ノウハウ

「復唱授業の○○○です」

かつて、家庭教師の○○○がこんなテレビCMを流していた。理科・社会の指導を復唱授業で行うのだという。

「教科別指導の○○○です」

家庭教師の○○○はこんな広告も出していた。教科別に分けて家庭教師を派遣するのだという。

家庭教師の○○○は「がんばれコール」を行いますという広告がチラシに出た。とうとう、ここまで真似するか。「がんばれコール」とは、スタディが考案して行っていた家庭教師の先生が訪問日以外に生徒に電話を入れて勉強の進み具合を確認するシステムである。システムの名称までそのまま使っているよ。

ここまでシステムを真似するので、スタッフの一人に家庭教師の○○○沖縄支店に苦情を伝えに行かせた。
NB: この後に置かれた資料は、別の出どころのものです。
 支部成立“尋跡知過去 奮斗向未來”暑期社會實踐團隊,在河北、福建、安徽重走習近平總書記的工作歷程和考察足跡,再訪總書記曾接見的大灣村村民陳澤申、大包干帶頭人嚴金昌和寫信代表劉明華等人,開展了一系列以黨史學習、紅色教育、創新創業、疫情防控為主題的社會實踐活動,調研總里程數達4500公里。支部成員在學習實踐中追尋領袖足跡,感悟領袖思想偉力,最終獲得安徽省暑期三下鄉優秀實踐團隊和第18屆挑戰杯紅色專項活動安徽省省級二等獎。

「塾長、○○○の沖縄支店長は熊本大学を卒業した社会人で、直接会って苦情を伝えると謝っていましたよ。」

「家庭教師の○○○沖縄支店」が「琉球大学○○○」として運営されていて、○○○グループが全国的に急拡大していた頃である。急拡大のため管理スタッフが十分揃ってなかったからであろうが、指導システムや具体的指導法は、沖縄資本で沖縄のみで運営される家庭教師センタースタディの方法をずいぶん真似していた。それを○○○グループ全体のシステムとして取り入れていた。

「△△君、あんたは○○○から送られてきたスパイだろう。」

それまでニヒルな冷笑を漂わせていた△△君の顔が途端に崩れて動揺している、明らかにうろたえている。
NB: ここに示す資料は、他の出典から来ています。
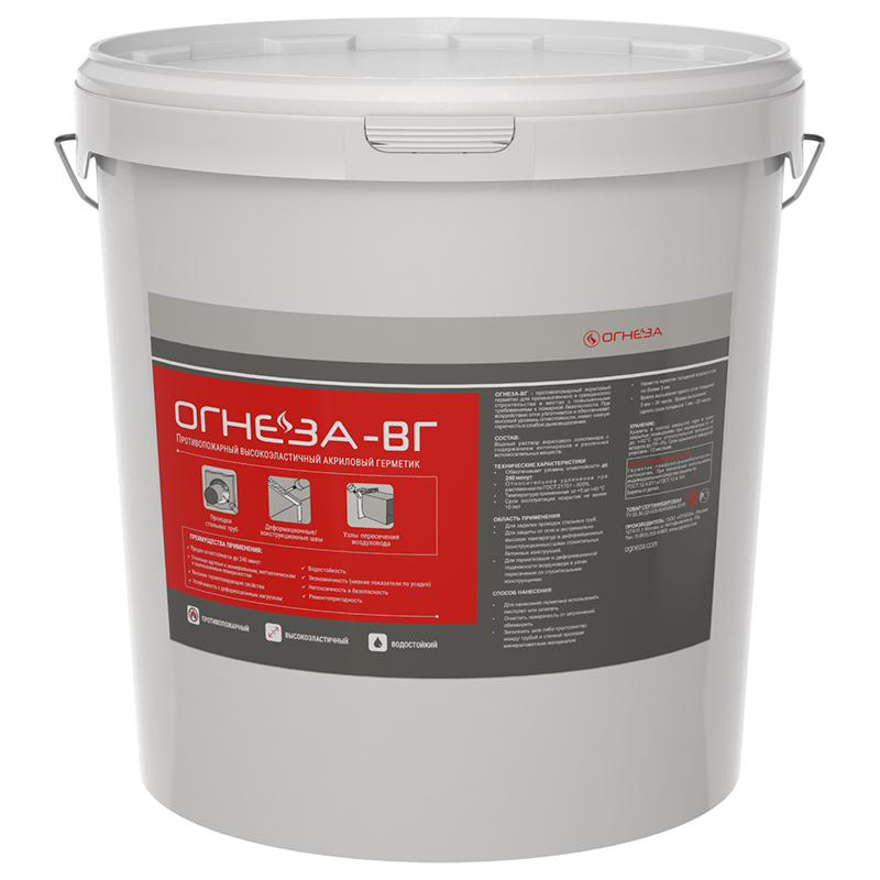 ОГНЕЗА-ВГ – противопожарный высокоэластичный водостойкий герметик на акриловой основе предназначен для заделки деформационных швов, универсальных проходок стальных труб и вентиляционных проходок. При воздействии огня высокоэластичный акриловый герметик уплотняется и обеспечивает высокий уровень огнестойкости.

「何をいうんですか、スパイなどと驚くようなこと言わないでくださいよ。全然違いますよ。」

これまでのニヒルで傲岸な態度が、卑屈な愛想笑いと媚を売る態度に変わっている。

やはり、この人物はスパイだ。こんな事例がよくあるのですぐに気づく。

数日後、彼は家庭教師を辞めると告げてきた。

ノウハウは経験の蓄積と熟考・反省・閃きが作り出していくものである。簡単に真似できるものやそうでないもの、簡単に理解できるものやそうでないものがある。

一つのノウハウが他の人に理解されにくい場合、ときにそれが大きな競争力を意味することがある。理解されにくいから誰もそれをやらない。理解しやすく実行しやすいことが比較優位を保証することはない。

比較優位は理解されにくいところから生まれる。招く反発は、ノウハウが有効であり競争力があるということの裏の一面である。

人は自分の器の範囲でものごとを理解する。自分の器の範囲を超えた部分を懸命に理解しようとして、それでも理解できない場合は、あとは信じるか信じないかである。何を信じるかを決めること、これも能力のひとつである。